Доброжелательнее отзывались о Мариам иерусалимские старички, целыми днями сидящие у ворот своих домов. Называли ее «бедной малюткой» и во всем обвиняли Храм. «Все там взяточники, от привратника до первосвященника. В Храм невозможно попасть, пока не подмажешь привратнику. Священники хотели продать ее в гарем Ирода. Вот она и удрала из Храма».

Были и такие, особенно среди эссеанцев, кто вспомнил мессианские ожидания тринадцатилетней давности. Вспомнили, как они простояли всю ночь с зажженными свечами в руках в Вифезде, перед домом Элохима, в ожидании рождения Мессии. Но родилась девочка, ибо Элохим, сильно провинился перед Господом, пролив невинную кровь сыновей Рубена. Потому Бог и послал ему не сына, а дочь. Но она стала лучшей воспитанницей Храма, посвятила себя Богу, поклялась в верности Ему и решила остаться на всю жизнь непорочной. Священнослужители не оценили этого, хотели выдать замуж против ее воли. И тогда Бог взял ее к себе. В этом пункте эссеанцы слегка расходились между собой. Одни истолковывали это как «вознесение ее духа», полагая, что на самом деле Мариам уже умерла. Другие верили, что Мариам, подобно Илие, живьем вознеслась на небеса. Вторая версия больше нравилась иерусалимским детишкам.

К концу месяца слухи о Мариам постепенно угасли и усилились слухи о резком ухудшении здоровья царя. Все давно знали, что царь Ирод серьезно болен. Люди как-то привыкли к тому, что царь время от времени исчезал и не появлялся месяцами. «Опять отлеживается из-за своей болезни, но ничего, выкарабкается как всегда», – говорили горожане в таких случаях.

Но в этот раз откуда-то пошел слух, что царь лежит при смерти и что ему настолько плохо, что он уже не узнает близких. Находились и такие, кто утверждал, что царь уже умер. Называли даже точную дату. В Йом Кипур. «Но скрывают от народа, поскольку не могут найти его последнего завещания, чтобы провозгласить нового царя». Дворец будто раскололся на группировки, каждая из которых хочет посадить на трон своего принца. Как только закончится борьба за власть и определится новый царь, вот тогда задним числом известят людей о смерти Ирода.

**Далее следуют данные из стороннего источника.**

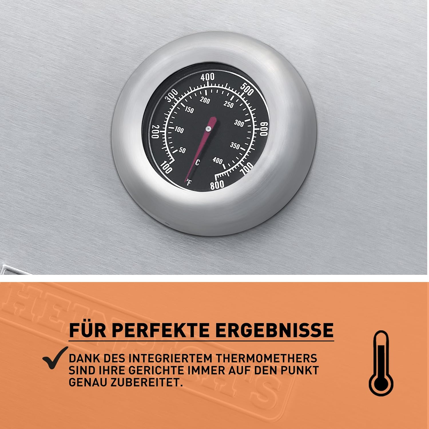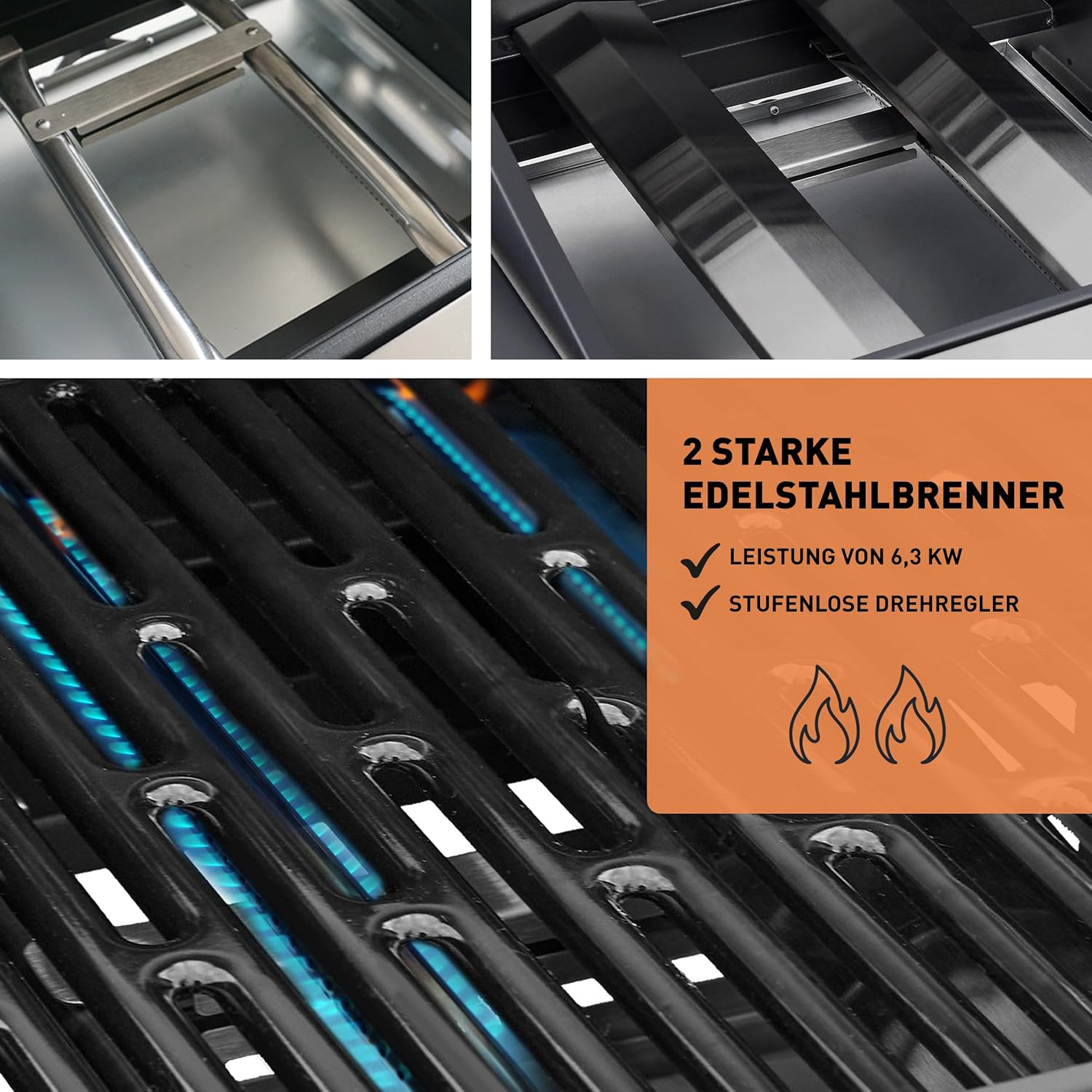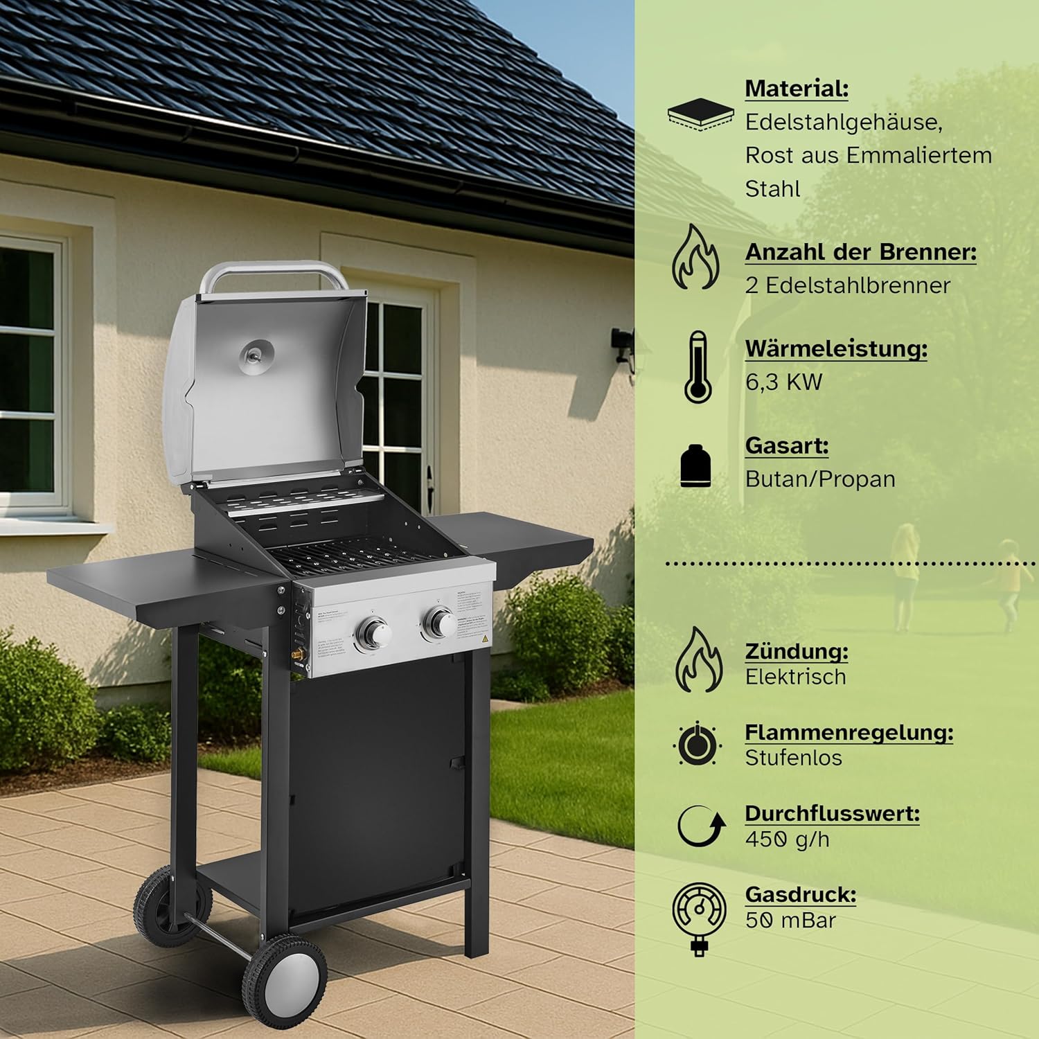 👍 GRILLVERGNÜGEN- Ob im Garten, auf der Terrasse, dem Balkon oder beim Camping-der Heinrichs BBQ Gasgrill passt perfekt in jede Umgebung und sorgt für unvergessliche Grillabende mit Familie und Freunden. ✅ KONFORM und LEISTUNGSSTARK-Die 2-Edelstahlbrenner mit 6,3 kW Leistung sorgen für kraftvolles und gleichmäßiges Grillen. Ausgestattet mit einem Gehäuseschrank für 5 Kg Gasflaschen und Gasgriller inkl. Druckminderer und Gasschlauch ist der Gasgrill für Deutschland und Österreich konform. 💪 FLEXIBEL: Die zwei 40x35 cm großen klappbaren Seitenablagen bieten einen idealen Abstellplatz für Ihre Grillspezialitäten und sorgen eingeklappt für eine platzsparende Einlagerung. Außerdem sorgen die Warmhalteroste für langanhaltende Temperaturspeicherung. 🎨SCHLANKES DESIGN - welches perfekt für ein Grillerlebnis geeignet ist und überall seinen Platz findet. Dank der stufenlosen Temperaturregelung können Sie Grillfleisch/Fisch/Grillgemüse auf dem 42,5x36cm Grillrost nach Ihrem belieben und Geschmack grillen. Die integrierte Temperaturanzeige dient für den vollen Überblick und Erzielung des individuellen Grillgenusses. 🎁Freude beim Verschenken: Überraschen Sie Ihre Liebsten mit unseren Produkten. Wir stehen Ihnen auch dort mit Rat und Tat zur Seite. | قیمت یورویی : 189.99€
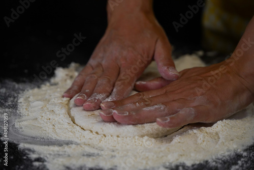 The cooking process of a bread dough. Baking bread recipe. Bakery breads food, detail view with woman hands working on dough at an old wood pan. flour falling on a dark table. detail.
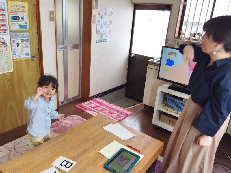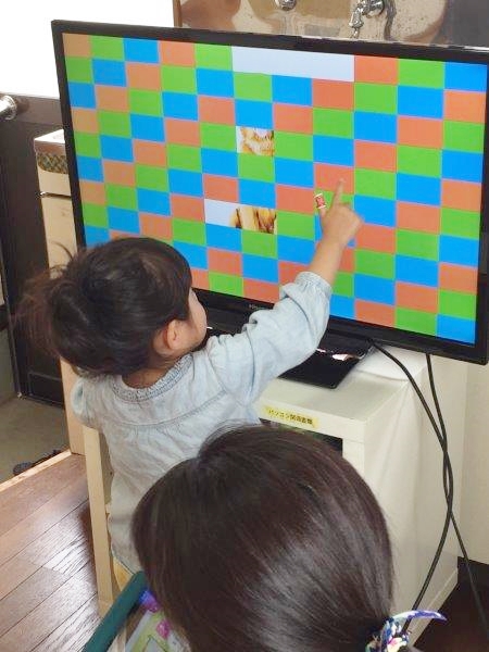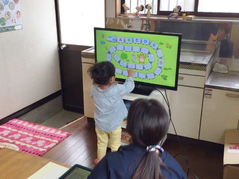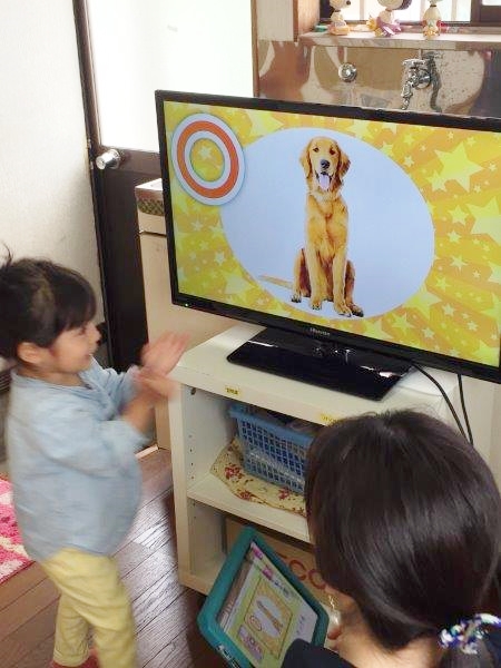 2歳児さんのクラス。映像と一緒に楽しく歌をうたいます。
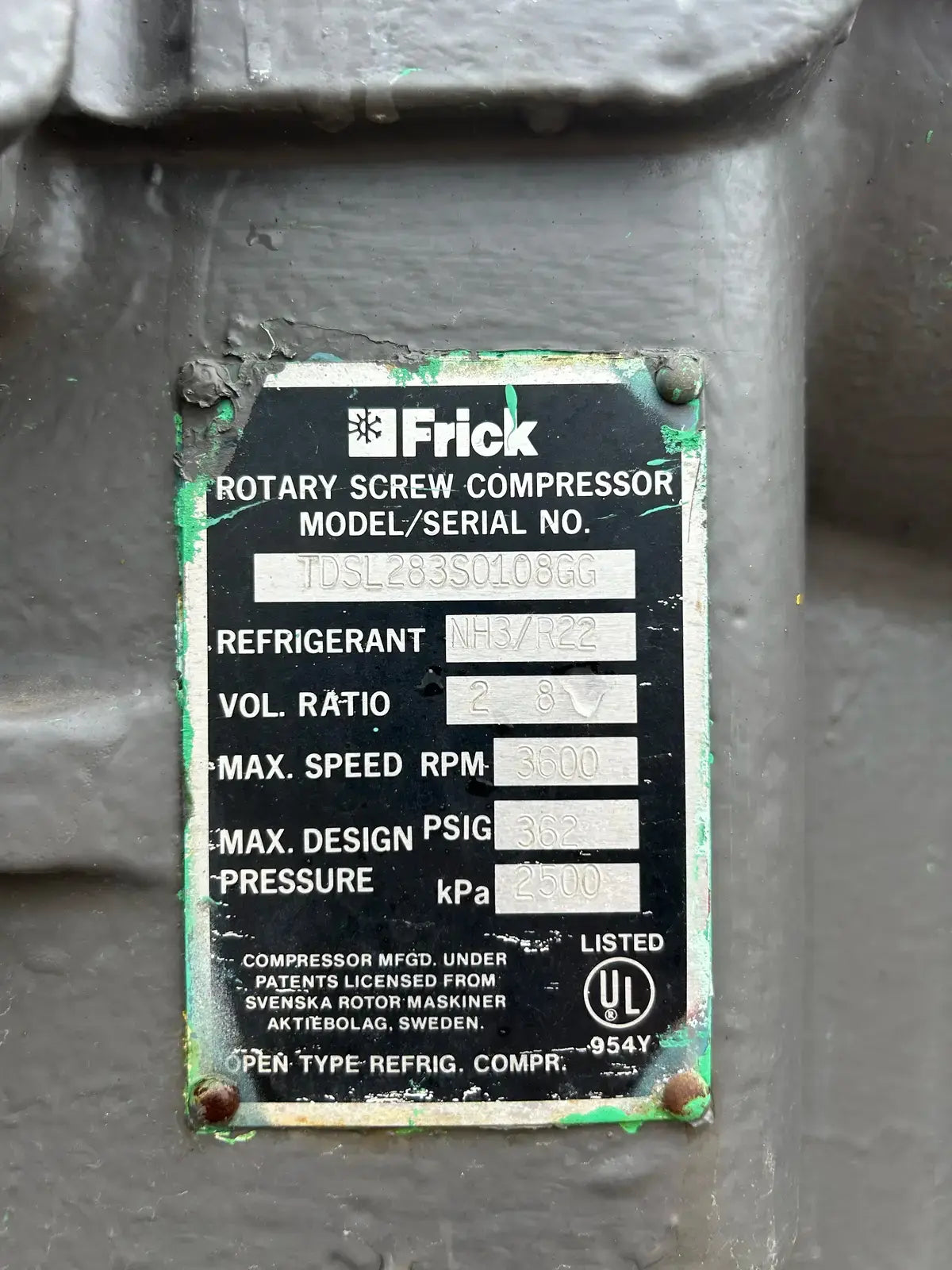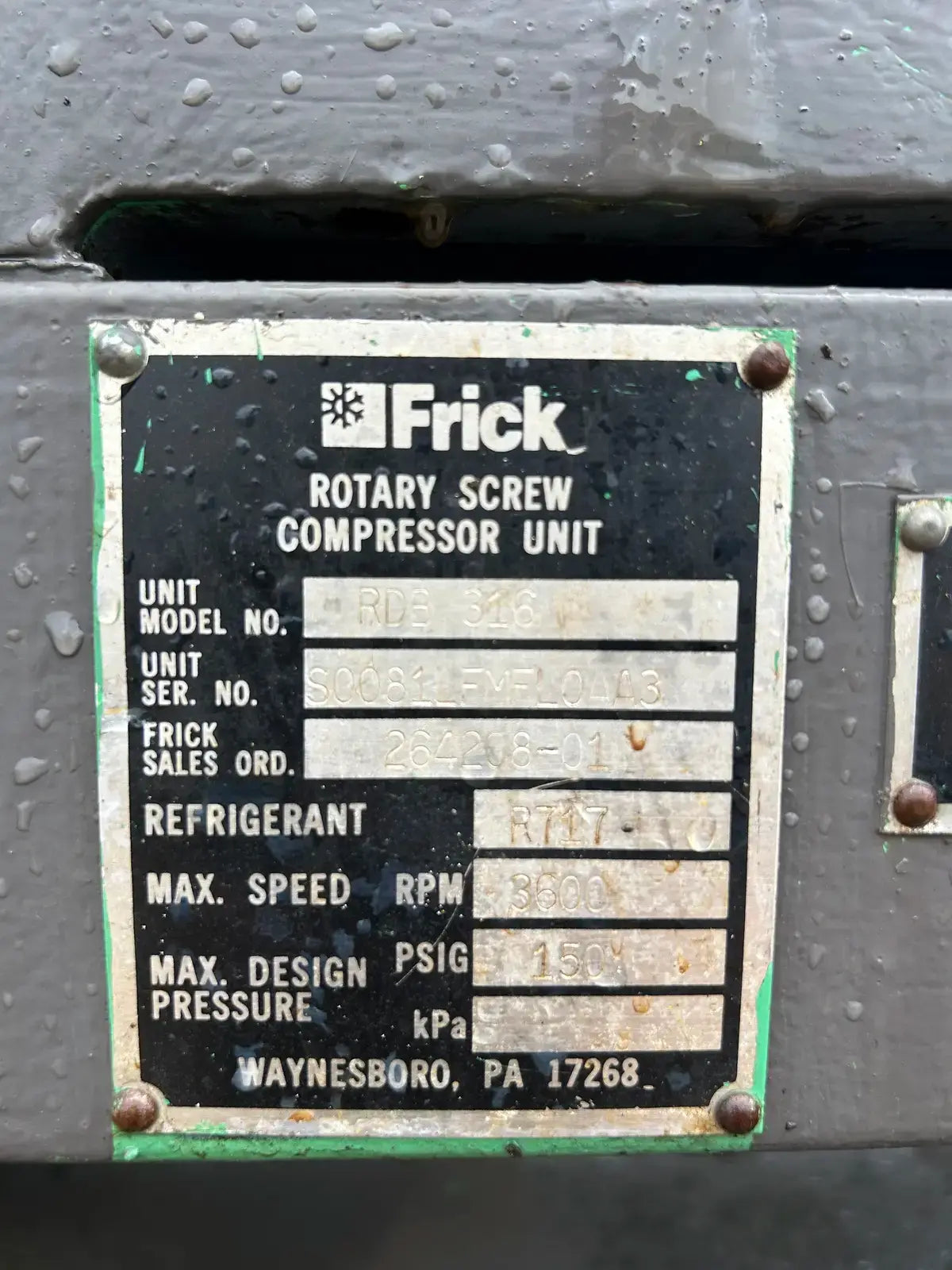 Frick Rotary Screw Compressor Package. Model: RDB-316. Serial No: S0081LFMFL0AA3. Frick Sales Order: 264208-01. Refrigerant: R717. Max Speed(RPM): 3600. Max Design Pressure(PSI): 150. Frick Bare Screw Compressor - Model: TDSL283S, Serial No: 0108GG. Refrigerant: NH3/R22. Volume Ratio: 2.8. Max Speed: 3600 RPM. Max Design: 362 PSIG. Frick Certified Oil Separator - National Board: 108133, MAWP: 150 PSI @ 200 F. MDMT: -20 F @ 13.6 PSI.

Никто из простого люда толком не знал, что на самом деле происходит за высокими крепостными стенами Дворца. Состояние царского здоровья всегда держалось в строжайшей тайне. Дворцовым сановникам под страхом смерти было запрещено обсуждать его между собою, не то, что выносить за стены Крепости.

В Храме, разумеется, высшее духовенство было хорошо осведомлено о состоянии здоровья царя. Но оно, прежде всего в целях сохранения всеобщего спокойствия, соблюдало неписаное правило: не делиться ни с кем сообщениями, тайно поступающими из Дворца.

Утром первого числа месяца Мархешвана внезапно по городу разошлась весть о том, что царь Ирод ночью умер.

113

– Ирод сдох!

– Ирод мертв!

– Царь умер!

– Наконец-то!

Люди ликовали. Кто открыто, кто осторожно. Всем хотелось скорее поделиться радостной вестью с теми, кто еще не слышал ее. Весть мгновенно облетела город. На улицах не было видно ни одного идумея и ни одного римлянина, что было истолковано людьми как верный знак того, что теперь царь на самом деле умер. Город принадлежал вновь самим иудеям. Словно мир по мановению волшебной палочки в один миг изменился. Все кругом внезапно стало каким-то близким, своим, родным.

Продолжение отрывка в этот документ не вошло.